Exercise materials>

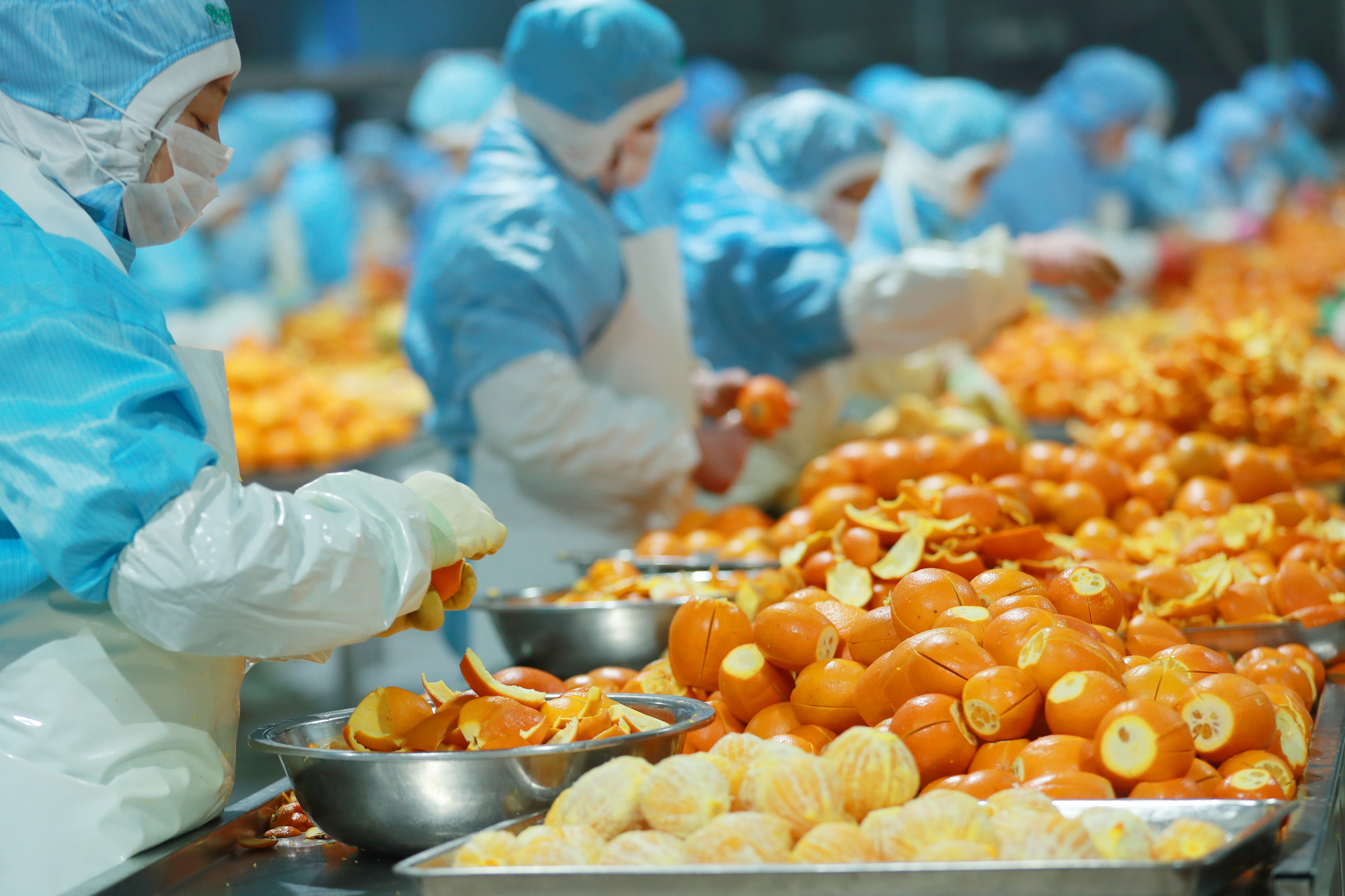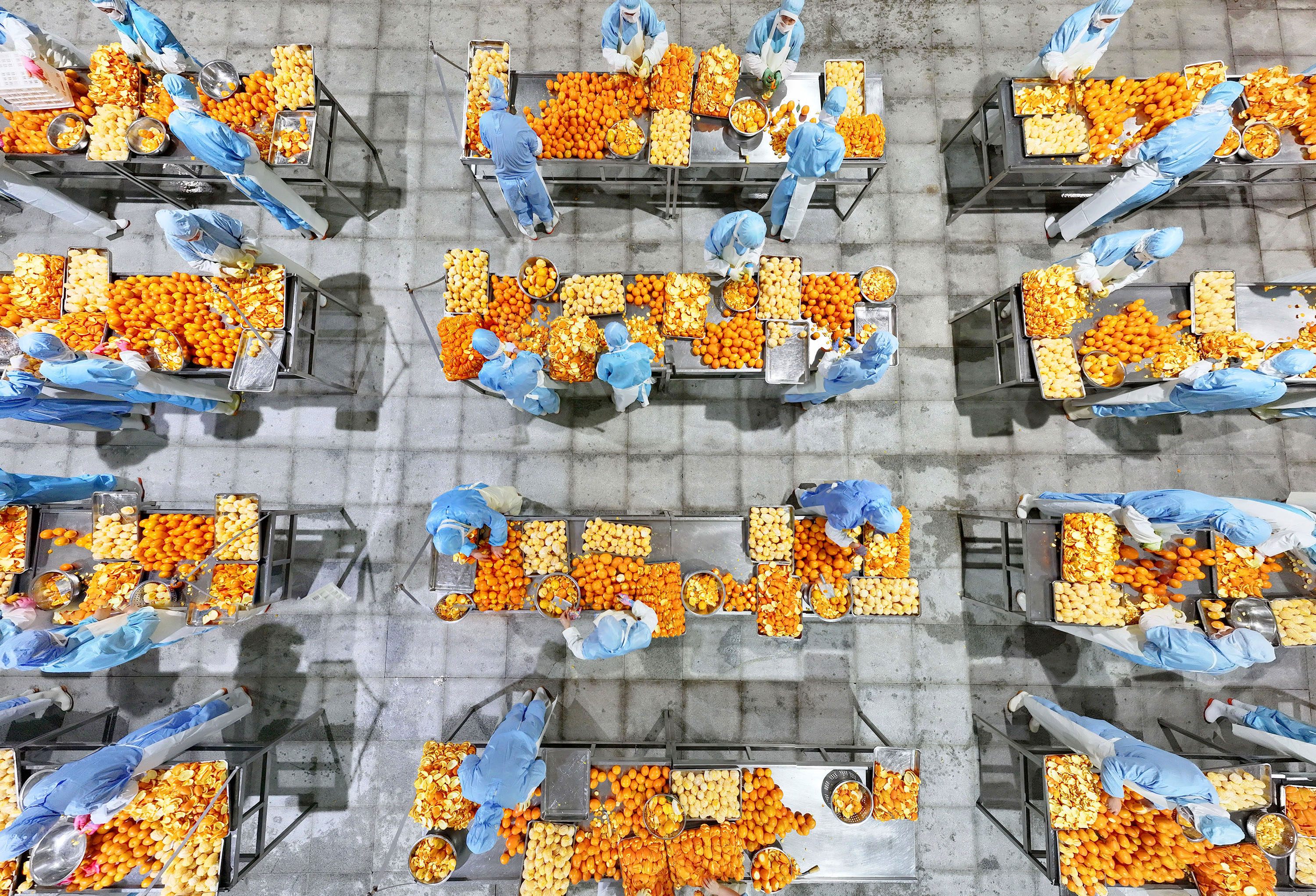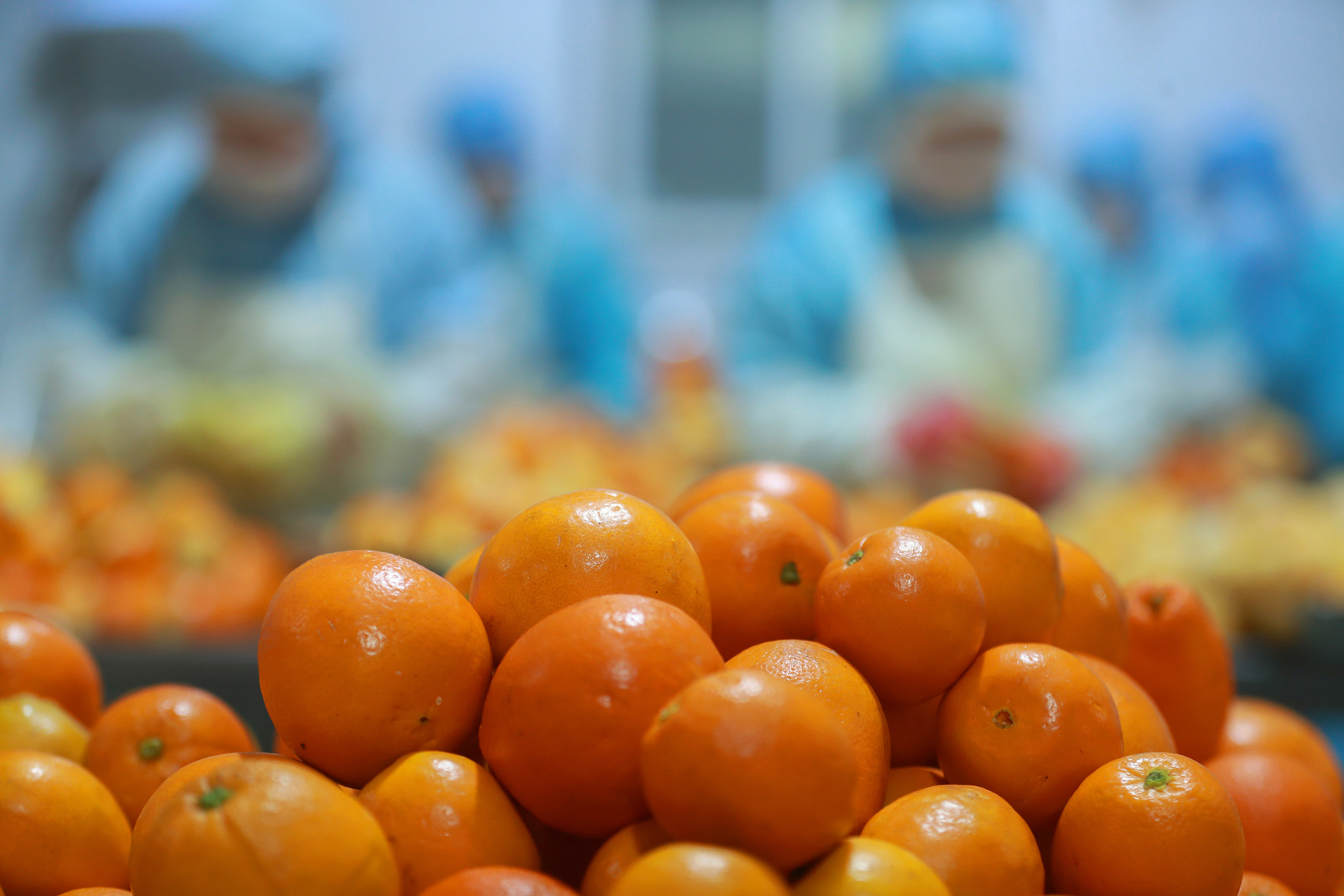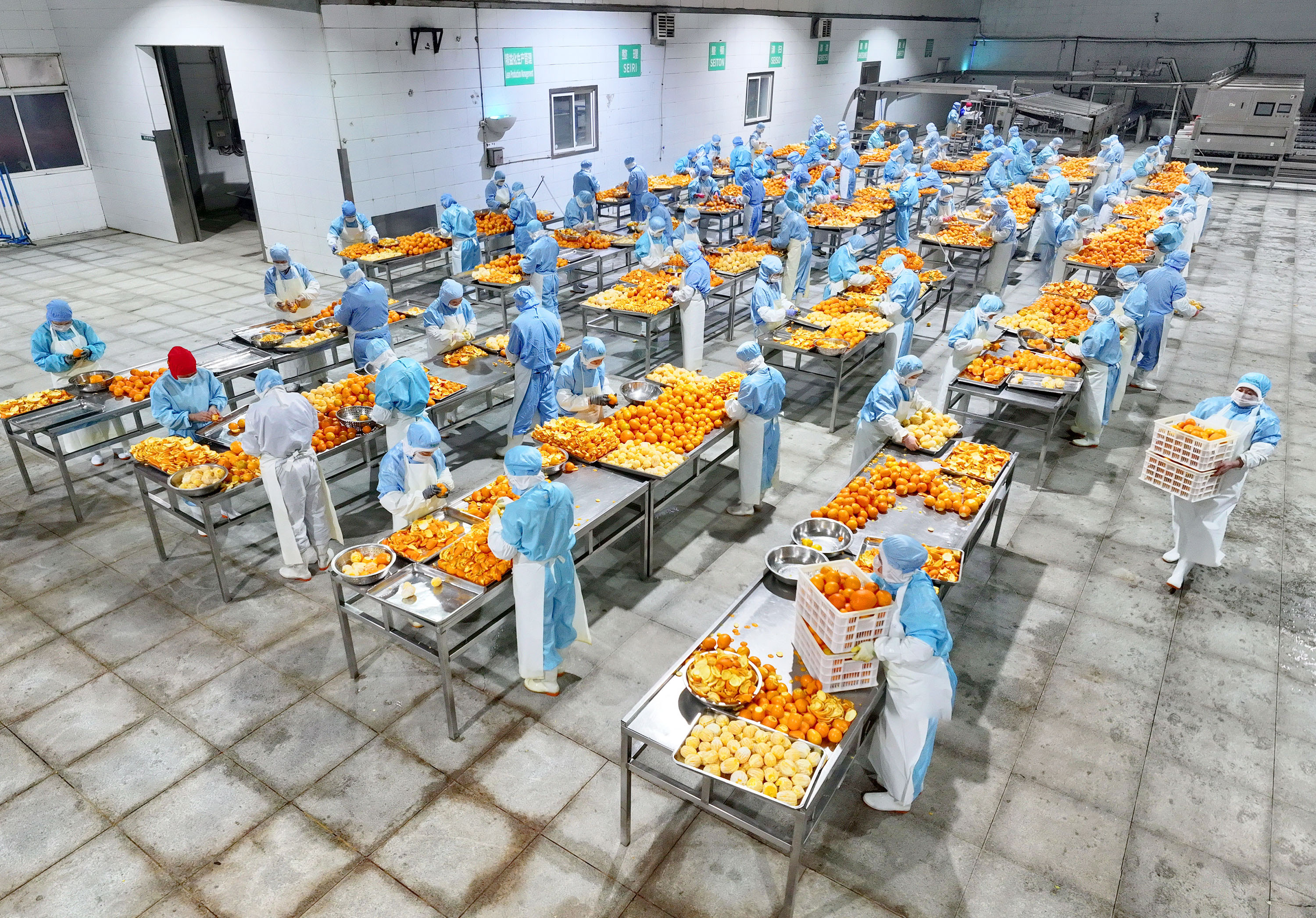 Workers busy at the orange processing workshop of Qugu International Agriculture Group. (Photo by Wang Gang)
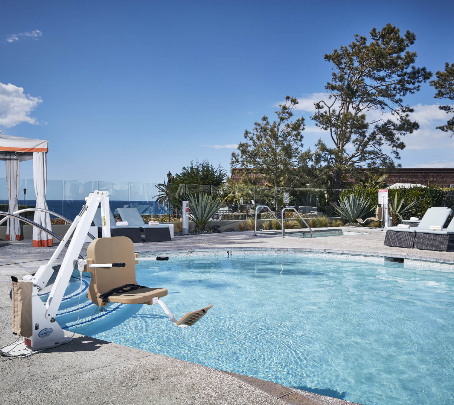 Provide access to your pool, hot tub, and spa with an ADA compliant Pool Chair Lift. Ideal for residences, health and fitness centers, rehabilitation centers, hotels, and other recreational spaces. From new construction projects to existing pools, lifts support elderly aging-in-place and provides an inclusive environment for people with mobility limitations.
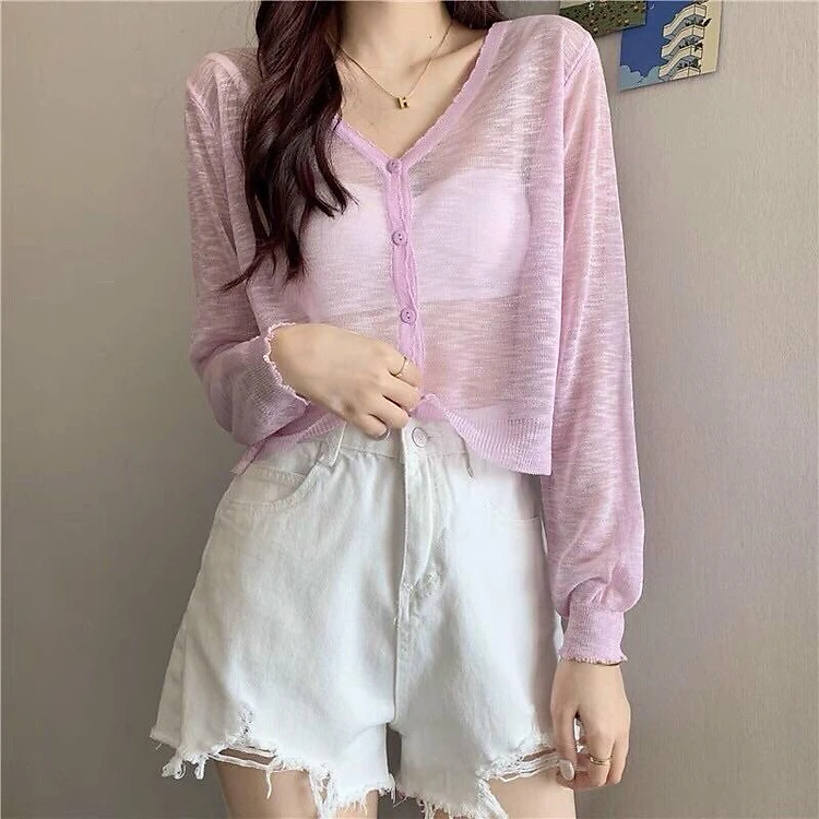 Áo khoác len cadigan mỏng 5 khuy màu pastel nhẹ nhàng
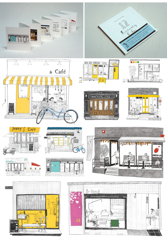 “아코디언 북에 실린 어 카페(A Cafe)는 내가 평소에 좋아했던 곳이다. 특히 노란색 차양이 무척 예쁘다고 생각했었다. 그런데 막상 일러스트로 표현하려고 세밀히 뜯어보니, 병아리 같은 노란색이 아니라 상아색에 가까운 흐릿한 빛깔이더라. 창문 모양도 내가 평상시에 무심코 보던 것과는 전혀 달랐다. 눈으로 본 카페는 손으로 그려질 때 전혀 다른 느낌이다. 12곳 카페들을 그릴 때 이런 점들을 하나하나 다 헤아렸다. 카페 한 군데당 세 컷씩 그려본 끝에 완성작이 나올 수 있었다.”
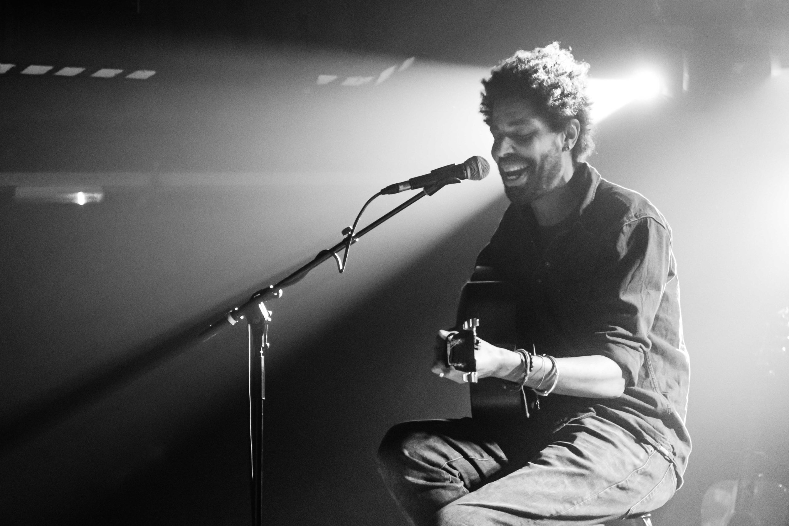 Tonight’s bill is opened by Ben Jordan, a native of Denver in Colorado but who has lived in Bristol, specifically Clifton, for some time. “I stutter and I’m super awkward; go me!” he declares to the amusement of everyone present, something he also plays up to as he says he’s just happy to have a crowd in front of him. He comes across as a very genuine person: whether he’s taking potshots at himself or discussing the concept of canned water, nothing seems forced or staged and this adds to his charm. Even a couple of mistakes are laughed off, but that’s the beauty of acoustic shows – attendees know there’s nowhere to hide if you mess up and are far more forgiving than they would be otherwise. As for his musical talent, it speaks for itself; a soulful voice with a hint of gravel that floats through the venue with ease, songs like Kingdom’s Bore and Hard Times resonating loud and clear. He’s due to release an EP of new material soon and it’s fair to say that there will be a lot of people looking forward to hearing it when it drops after tonight.
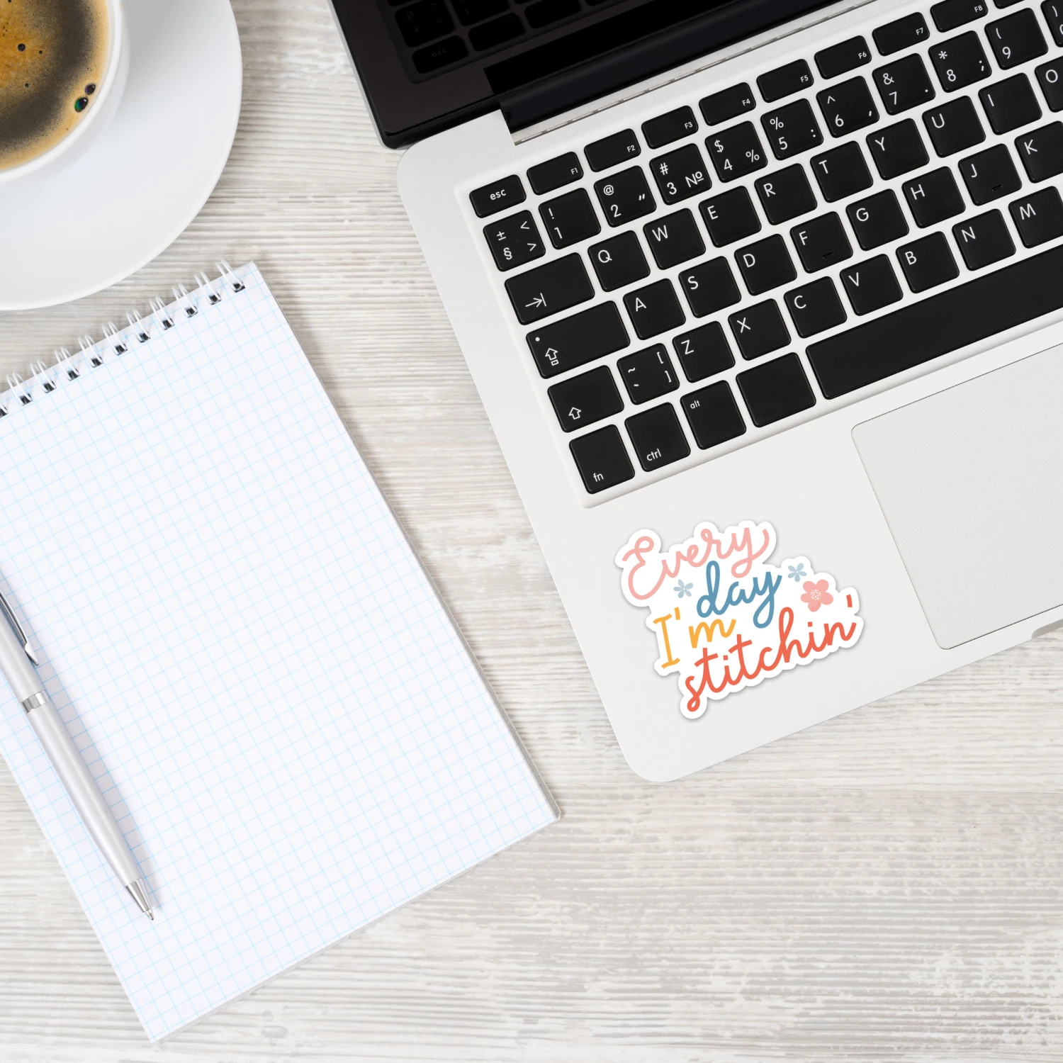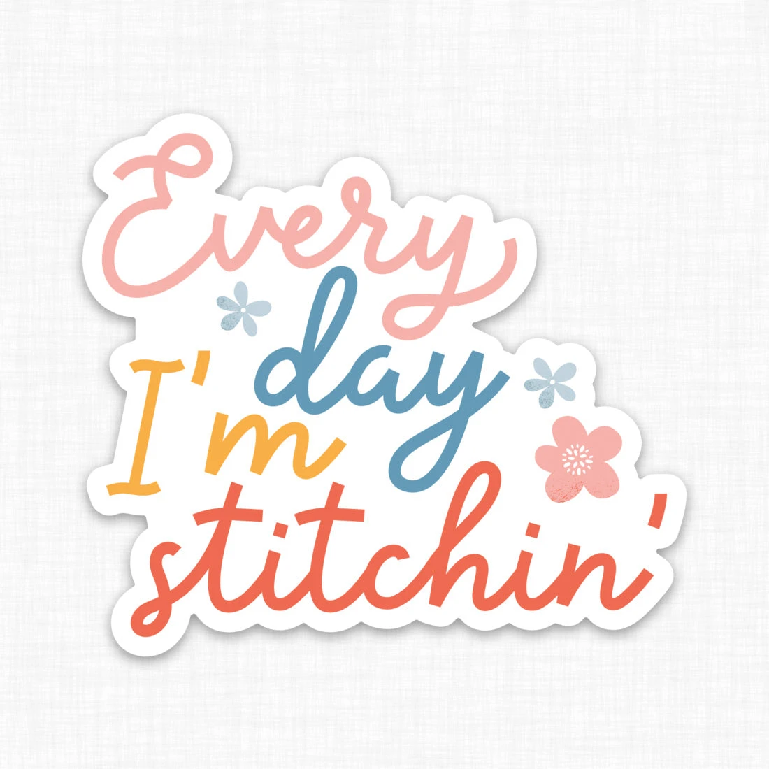 Show your stitchy spirit with a fun and colorful sticker. This design features the words “Every day I’m stitchin’.” It’s the mantra we want to live by!
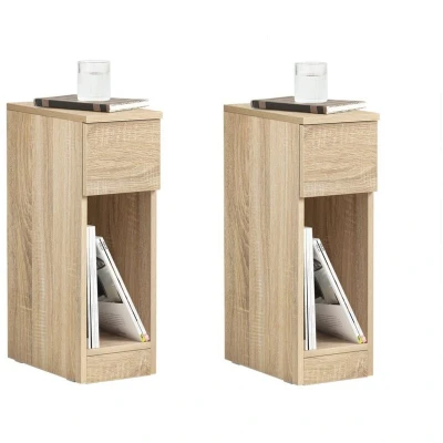 General description This set of 2 bedside tables creates a distinctive and modern atmosphere for your home. They can be used as sofa side tables or bedside tables, providing easy access to your essentials. With ample storage space for books, magazines, remote controls, glasses, and other small items, these tables help keep your room tidy and organized. Each table features a slide-out drawer and additional storage beneath the drawer and on the top shelf, making them practical and space-saving additions to any room. Their elegant and simple design matches any home decor perfectly, and they are available in four colors: white & natural, black & natural, grey & natural, and natural. Technical specifications Material: Particle board, MDF Dimensions: W20 x D35 x H60 cm Weight: 7.3 kg each Load capacity: 20 kg each Installation Item comes in a flat pack and requires self-assembly Detailed instructions supplied Other information The decorative elements are not included in the delivery
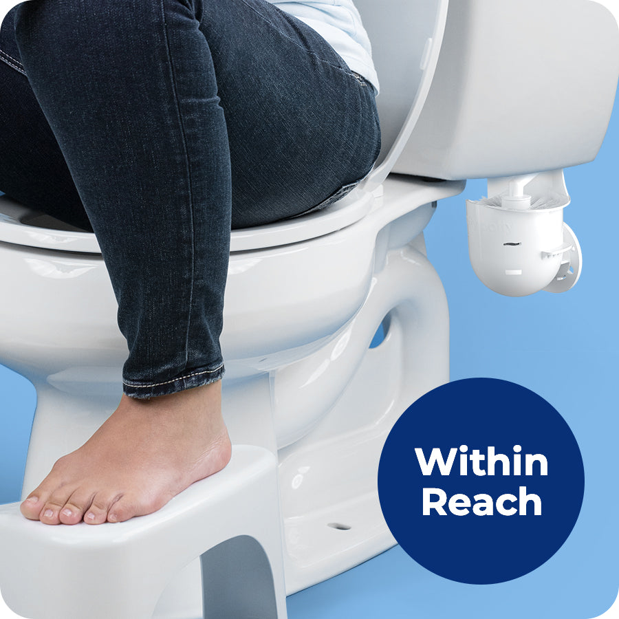 The brush caddy hangs the brush behind your toilet tank. Time to clean? Tilt the handle to quickly access the brush. Sweeping and mopping is easy since it doesn’t sit on the floor.

About this task> Leaving the images out, retype all the material above exactly.

Output of the task>
 Workers busy at the orange processing workshop of Qugu International Agriculture Group. (Photo by Wang Gang)
 Provide access to your pool, hot tub, and spa with an ADA compliant Pool Chair Lift. Ideal for residences, health and fitness centers, rehabilitation centers, hotels, and other recreational spaces. From new construction projects to existing pools, lifts support elderly aging-in-place and provides an inclusive environment for people with mobility limitations.
 Áo khoác len cadigan mỏng 5 khuy màu pastel nhẹ nhàng
 “아코디언 북에 실린 어 카페(A Cafe)는 내가 평소에 좋아했던 곳이다. 특히 노란색 차양이 무척 예쁘다고 생각했었다. 그런데 막상 일러스트로 표현하려고 세밀히 뜯어보니, 병아리 같은 노란색이 아니라 상아색에 가까운 흐릿한 빛깔이더라. 창문 모양도 내가 평상시에 무심코 보던 것과는 전혀 달랐다. 눈으로 본 카페는 손으로 그려질 때 전혀 다른 느낌이다. 12곳 카페들을 그릴 때 이런 점들을 하나하나 다 헤아렸다. 카페 한 군데당 세 컷씩 그려본 끝에 완성작이 나올 수 있었다.”
 Tonight’s bill is opened by Ben Jordan, a native of Denver in Colorado but who has lived in Bristol, specifically Clifton, for some time. “I stutter and I’m super awkward; go me!” he declares to the amusement of everyone present, something he also plays up to as he says he’s just happy to have a crowd in front of him. He comes across as a very genuine person: whether he’s taking potshots at himself or discussing the concept of canned water, nothing seems forced or staged and this adds to his charm. Even a couple of mistakes are laughed off, but that’s the beauty of acoustic shows – attendees know there’s nowhere to hide if you mess up and are far more forgiving than they would be otherwise. As for his musical talent, it speaks for itself; a soulful voice with a hint of gravel that floats through the venue with ease, songs like Kingdom’s Bore and Hard Times resonating loud and clear. He’s due to release an EP of new material soon and it’s fair to say that there will be a lot of people looking forward to hearing it when it drops after tonight.
 Show your stitchy spirit with a fun and colorful sticker. This design features the words “Every day I’m stitchin’.” It’s the mantra we want to live by!
 General description This set of 2 bedside tables creates a distinctive and modern atmosphere for your home. They can be used as sofa side tables or bedside tables, providing easy access to your essentials. With ample storage space for books, magazines, remote controls, glasses, and other small items, these tables help keep your room tidy and organized. Each table features a slide-out drawer and additional storage beneath the drawer and on the top shelf, making them practical and space-saving additions to any room. Their elegant and simple design matches any home decor perfectly, and they are available in four colors: white & natural, black & natural, grey & natural, and natural. Technical specifications Material: Particle board, MDF Dimensions: W20 x D35 x H60 cm Weight: 7.3 kg each Load capacity: 20 kg each Installation Item comes in a flat pack and requires self-assembly Detailed instructions supplied Other information The decorative elements are not included in the delivery
 The brush caddy hangs the brush behind your toilet tank. Time to clean? Tilt the handle to quickly access the brush. Sweeping and mopping is easy since it doesn’t sit on the floor.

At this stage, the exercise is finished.